Other states have experienced a rush.

After Wisconsin’s moratorium expired May 26, eviction filings in Milwaukee zoomed from 61 in May to nearly 1,500 in June.

The CARES Act moratorium, which expired July 25, will complicate matters, lawyers say. It only applied to tenants living in federally subsidized housing or to landlords with a federally backed mortgage loan. The act required landlords to provide a 30-day notice to pay outstanding rent, so its impact will begin to be felt in August.

St. Petersburg attorney Matthew Weidner, a consumer advocate who represents renters, predicts that the expiration of the moratoria will bring a great deal of heartache and confusion.

“I see this massive, category 8 hurricane circling just off the coast,” he said.

Weidner contends that any eviction filed while the moratorium was in effect should be dismissed and the plaintiffs ordered to refile.
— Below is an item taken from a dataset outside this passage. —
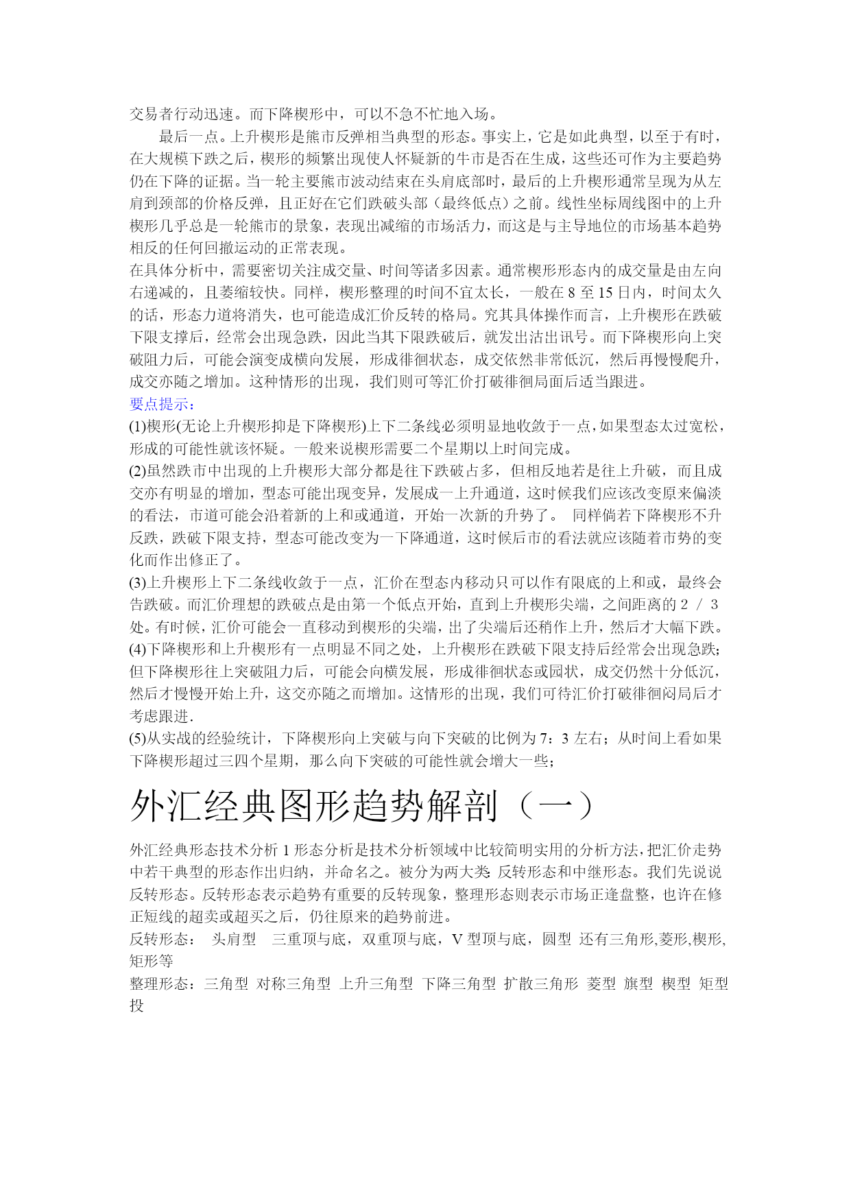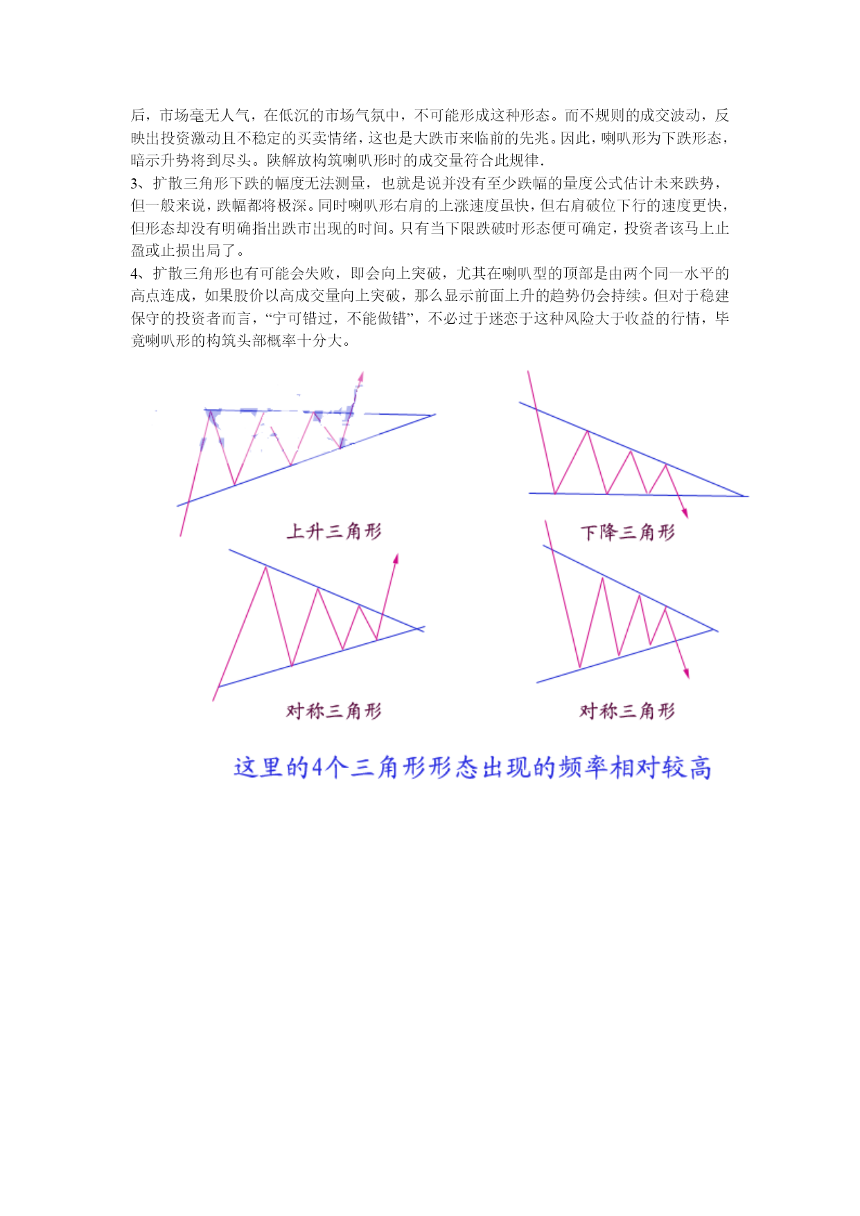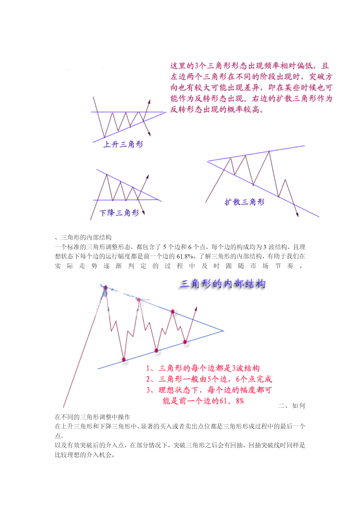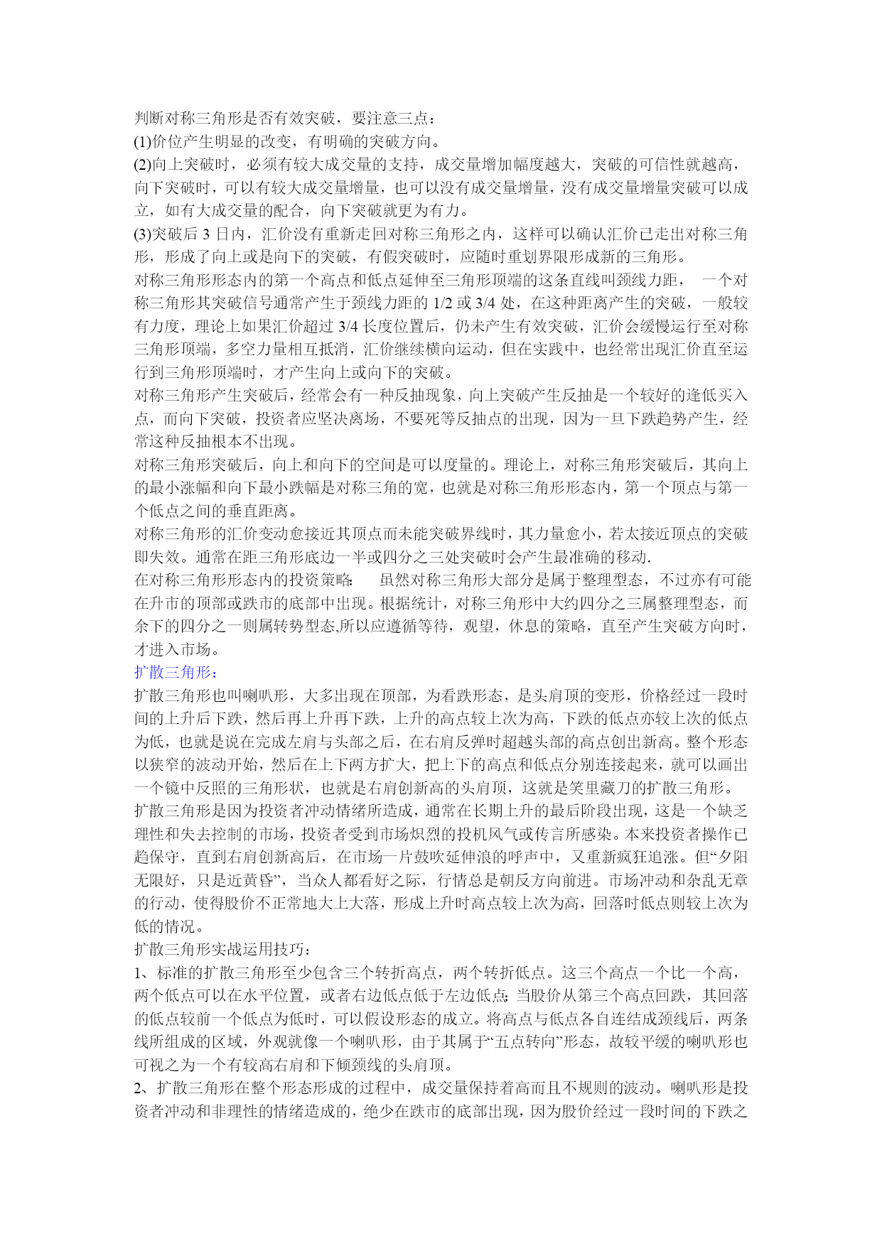外汇经典形态技术分析一、三角形调整的形态特征1、四种三角形的基本形式:根据三角形出现的形态特征,可以将其分为上升三角形、下降三角形、对称三角形和扩散三角形.上升(下降)三角形:汇价在某水平呈现当正当强大的卖压,价格从低点回升到水平便告回落,但市场的购买力十分强,汇价未回至上次低点即告弹升,这情形持续使汇价随着一条阻力水平线波动日渐收窄。我们若把每一个短期波动高点连接起来,可画出一条水平阻力线;而每一个短期波动低点则可相连出另一条向上倾斜的线,这就是上升三角形。下降三角形的形状的上升三角形恰好相反.上升三角形显示买卖双方在该范围内的较量,但买方的力量在争持中已稍占上风。卖方在其特定的汇价水平不断沽售不急于出货,但却不看好后市,于是汇价每升到理想的沽售水平便即沽出,这样在同一价格的沽售形成了一条水平的供给线。不过,市场的购买力量很强,他们不待汇价回落到上次的低点,更急不及待地购进,因此形成一条向右上方倾斜的需求线。下降三角形则情形相反.上升三角形和下降三角形都属于整理形态。上升三角形在上升过程中出现,暗示有突破的可能,下降三角形正相反上升三角形在突破顶部水平的阻力线时,有一个短期买入讯号,下降三角形在突破下部水平阻力线时有一个短期沽出讯号.此二型态虽属于整理形态,有一般向上向下规律性,但亦有可能朝相反方向发展,上升三角形向上突破后的最少涨幅为三角形的竖直高度。对称三角形:对称三角形是投资者暂时摸不清楚汇价未来的走向,多空双方看法出现严重分歧,多方有看多的理由,空方有看空的现由,因此汇价下跌,多方人士逢低买入,而汇价上涨,空方人士借机高场,虽然一底比一底高,但没有出现多方预期的效果,使多方信心产生动摇,买方力量逐步减弱,相对应的汇价一顶比一顶低,但并没有向空方预期的那样,产生大幅下跌。因此使空方对自己原来的判断产生怀疑,致使做空不坚决,因此空方力量同样逐步减弱,这样就出现了多空双方都无法迅速战胜对方,但价位区域却在逐步缩小,汇价去向含糊不表,究竟未来是升是跌,暂时没有明确的信号,这便是对称三角形的主要特色。当汇价运行到对称三解形的尾端或接近顶点时,多空双方处于一种暂时的平衡状态,双方都无力打破僵局。这时,如有一种力量加入到多方或者空方,天平将马上会产生倾斜,经常是一种外力,如明显的利多,利空消息引发三角形向上或向下突破,突破方向产生后,宣告对称三角形态结束.对称三角形是一种未明朗的形态,发展到一定阶段,将可以产生向上突破或向下突破。向上突破:通常发生在汇价产生了一段升幅,由于涨幅已大,短线获利盘开始获利了结,形成了对汇价的打压,但看多者逢低继续买入,便形成了相互拉锯的三角形整理状态,汇价运行一段时期后,将在一个较窄的区域内暂时达到平衡,多空双方势均力敌,这时如果出现一种力量(常是一种外力),加入到多方之中,均衡即被打破,产生向上突破,并指示了向上攻击的方向,一波升势又将展开.向下突破:通常是在汇价产生了较大的跌幅,因跌幅较大,投资者惜售,短线买家进汇价形成三解形整理形态,多空力量暂时平衡,但这只是下跌途中的中转站,一旦新的利空因素产生,稍有卖压,平衡即被打破,产生向下突破,另一轮跌势又将开始。判断对称三角形是否有效突破,要注意三点:(1)价位产生明显的改变,有明确的突破方向。(2)向上突破时,必须有较大成交量的支持,成交量增加幅度越大,突破的可信性就越高,向下突破时,可以有较大成交量增量,也可以没有成交量增量,没有成交量增量突破可以成立,如有大成交量的配合,向下突破就更为有力。(3)突破后3日内,汇价没有重新走回对称三角形之内,这样可以确认汇价已走出对称三角形,形成了向上或是向下的突破,有假突破时,应随时重划界限形成新的三角形。对称三角形形态内的第一个高点和低点延伸至三角形顶端的这条直线叫颈线力距,一个对称三角形其突破信号通常产生于颈线力距的1/2或3/4处,在这种距离产生的突破,一般较有力度,理论上如果汇价超过3/4长度位置后,仍未产生有效突破,汇价会缓慢运行至对称三角形顶端,多空力量相互抵消,汇价继续横向运动,但在实践中,也经常出现汇价直至运行到三角形顶端时,才产生向上或向下的突破。对称三角形产生突破后,经常会有一种反抽现象,向上突破产生反抽是一个较好的逢低买入点,而向下突破,投资者应坚决离场,不要死等反抽点的出现,因为一旦下跌趋势产生,经常这种反抽根本不出现。对称三角形突破后,向上和向下的空间是可以度量的。理论上,对称三角形突破后,其向上的最小涨幅和向下最小跌幅是对称三角的宽,也就是对称三角形形态内,第一个顶点与第一个低点之间的垂直距离。对称三角形的汇价变动愈接近其顶点而未能突破界线时,其力量愈小,若太接近顶点的突破即失效。通常在距三角形底边一半或四分之三处突破时会产生最准确的移动.在对称三角形形态内的投资策略:虽然对称三角

“I have filed motions asserting that the filing of an eviction action during a period when it is suspended, renders it a nullity,” Weidner said. “There is a legal impairment for everything that was done during the period of suspension, and I think the only cure for that is wiping the slate clean and starting anew.”

Alfonso shares the same concerns. He advised his landlord clients not to file during the moratorium.

“There could be a plethora of issues,” he said. “I told my clients, look, you’ve got to be patient, I don’t agree with [the moratorium] but I think the prudent thing to do is not file anything…you’re just going to have a case number, and it’s just going to sit there.”

Weidner is worried that Florida is unprepared for the consequences.

“Where…are the legislators, the leaders, the adults in the room, that are preparing the citizens of this state for what is coming on August 1?”